I would like to write a yeardiff function that works similarly to datediff. yeardiff should take two Column arguments and return a Column with the number of years between those parameter Columns.
Let's use the following sample data:
val testDf = Seq(
("2016-09-10", "2001-08-10"),
("2016-04-18", "2010-05-18"),
("2016-01-10", "2013-08-10")
)
.toDF("first_datetime", "second_datetime")
.withColumn("first_datetime", $"first_datetime".cast("timestamp"))
.withColumn("second_datetime", $"second_datetime".cast("timestamp"))
We can run this to get the date difference:
testDf.withColumn("num_days", datediff(col("first_datetime"), col("second_datetime")))

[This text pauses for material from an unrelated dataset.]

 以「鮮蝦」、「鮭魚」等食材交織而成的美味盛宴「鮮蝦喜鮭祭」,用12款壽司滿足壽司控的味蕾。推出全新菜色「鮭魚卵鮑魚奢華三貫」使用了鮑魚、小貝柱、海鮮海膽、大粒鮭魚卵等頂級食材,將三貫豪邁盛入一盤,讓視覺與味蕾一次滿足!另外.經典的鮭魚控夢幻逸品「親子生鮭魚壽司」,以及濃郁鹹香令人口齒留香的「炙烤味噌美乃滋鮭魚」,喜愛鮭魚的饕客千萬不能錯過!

I want to be able to run this:
testDf.withColumn("num_years", yeardiff(col("first_datetime"), col("second_datetime")))
I tried to define a yeardiff function with the necessary method signature and didn't get anywhere:
def yeardiff(end: Column, start: Column): Column = {
// what do I do here
}
Here is a hacked transformation solution that I came up with and don't like:
def yearDiff(end: String, start: String)(df: DataFrame): DataFrame = {
val c = s"${end}_${start}_datediff"
df
.withColumn(c, datediff(col(end), col(start)))
.withColumn("yeardiff", col(c) / 365)
}
EDIT
I started digging into the Spark source code to see how datediff works. Here is the datediff function definition:
def datediff(end: Column, start: Column): Column = withExpr { DateDiff(end.expr, start.expr) }
Here is the DateDiff case class:
case class DateDiff(endDate: Expression, startDate: Expression)

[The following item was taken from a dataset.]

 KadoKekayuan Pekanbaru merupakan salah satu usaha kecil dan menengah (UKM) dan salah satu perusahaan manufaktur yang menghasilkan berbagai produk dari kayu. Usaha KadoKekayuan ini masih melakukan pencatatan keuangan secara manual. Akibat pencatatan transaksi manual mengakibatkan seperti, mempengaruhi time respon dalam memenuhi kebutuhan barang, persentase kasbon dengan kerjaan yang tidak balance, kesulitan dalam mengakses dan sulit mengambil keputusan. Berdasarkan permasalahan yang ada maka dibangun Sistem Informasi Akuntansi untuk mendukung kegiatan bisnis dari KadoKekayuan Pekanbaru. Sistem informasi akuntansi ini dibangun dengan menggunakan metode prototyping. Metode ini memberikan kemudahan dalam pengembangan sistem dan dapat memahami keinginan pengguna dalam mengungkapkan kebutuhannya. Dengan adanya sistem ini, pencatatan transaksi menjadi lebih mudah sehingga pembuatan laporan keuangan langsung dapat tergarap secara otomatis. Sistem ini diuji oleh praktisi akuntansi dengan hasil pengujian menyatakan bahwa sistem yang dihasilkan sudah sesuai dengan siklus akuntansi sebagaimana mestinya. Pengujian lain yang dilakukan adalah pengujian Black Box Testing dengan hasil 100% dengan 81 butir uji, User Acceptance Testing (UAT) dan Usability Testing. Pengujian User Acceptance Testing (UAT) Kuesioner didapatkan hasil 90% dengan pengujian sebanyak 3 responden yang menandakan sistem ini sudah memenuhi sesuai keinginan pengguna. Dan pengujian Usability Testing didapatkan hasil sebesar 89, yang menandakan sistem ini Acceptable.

extends BinaryExpression with ImplicitCastInputTypes {
override def left: Expression = endDate
override def right: Expression = startDate
override def inputTypes: Seq[AbstractDataType] = Seq(DateType, DateType)
override def dataType: DataType = IntegerType
override def nullSafeEval(end: Any, start: Any): Any = {
end.asInstanceOf[Int] - start.asInstanceOf[Int]
}
override def doGenCode(ctx: CodegenContext, ev: ExprCode): ExprCode = {
defineCodeGen(ctx, ev, (end, start) => s"$end - $start")
}
}